The modern healthcare relies on big data analytics for integrating, organizing, and utilizing different pharmacological or clinical information. A hybrid approach to combine patient genomic data and electronic health record information is expanding as the future vision of healthcare. The omics data has become an emerging tool for diagnosis/clinical investigations of common and rare diseases and helps in clinical decision making (i.e., selecting the best possible treatments for patients). Genome-Wide Association Study (GWAS), also known as Whole Genome Association Study (WGAS), is a relatively new approach for identifying genes (i.e., loci associated with human traits) through rapid scanning of markers across whole DNA or genome [70]. GWAS has been applied also to cancer research for drug repositioning [71], prioritizing susceptible genes in Crohn's disease [72], and analyzing the human variants in the area of precision medicine [73]. As an example, the Michigan Genomics Initiatives (MGI) at the University of Michigan has developed an institutional based DNA and genetics repository combined with patient phenotype. The project aims to bring awareness to each patient/participant about the disease development and response to treatments for better health and wellness. The current studies at MGI include analgesics outcome study (AOS), understanding opioid use in chronic pain patients, a pivotal study on high-frequency nerve block for postamputation pain, Michigan body map (MBM), and positive piggy bag (https://www.michigangenomics.org/).

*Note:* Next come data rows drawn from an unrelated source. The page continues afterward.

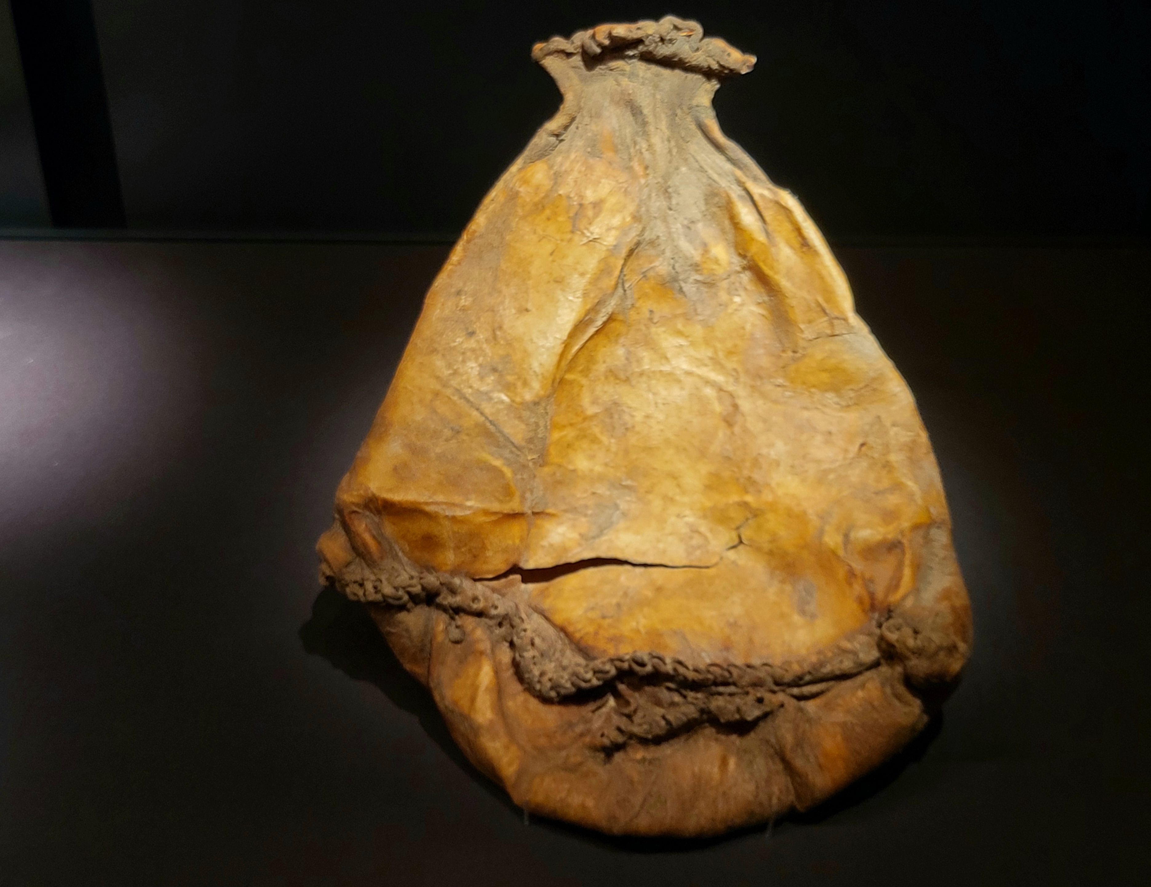 This leather bag, with a narrow top that flares down to form a wider bottom, resembles a "chiyi" (translated as "owl"), as mentioned in "Biography of Wu Zixu" in Volume 66 of Sima Qian's Records of the Grand Historain. The name "chiyi" comes from the bag's resemblance to the round body of owl. Made from horse leather, with traces of stitching at the top and bottom, this type of bag was likely used by nomadic people to carry water or salt.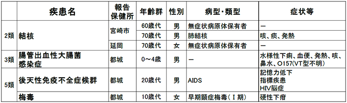 新型コロナウイルス感染症(指定感染症)の報告が47例あった。第29週目までの届出は20例であり、届出総数は67例となった。47例の中には、高鍋保健所管内で発生した新型コロナウイルス感染症のクラスター(感染集団)が含まれている。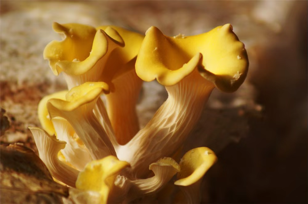 榆黄蘑又名金顶侧耳、黄金菇、金顶蘑、玉皇蘑;菌盖草黄色至鲜黄色,光滑,漏斗状。菌盖鲜黄、油亮,优美喜人。榆黄蘑既具味道鲜美、香味浓郁、营养丰富的食用价值,又具有滋补强身的药用价值。

Clinical text mining faces the following specific challenges: (1) access to patient EHR requires permission from Institutional Review Board (IRB); (2) personal details of the patients should be deidentified; (3) mining approaches depend on the types of clinical documents (e.g., EHR, discharge summary, medical billing, and clinical narratives); (4) mining of dosage information, different types of formulations, and temporal information is demanded; and (5) spelling mistakes and grammatical errors are common in clinical text [69]. The state of the art for both biomedical literature mining and clinical text mining is still open with many challenges and requires more sophisticated and robust approaches.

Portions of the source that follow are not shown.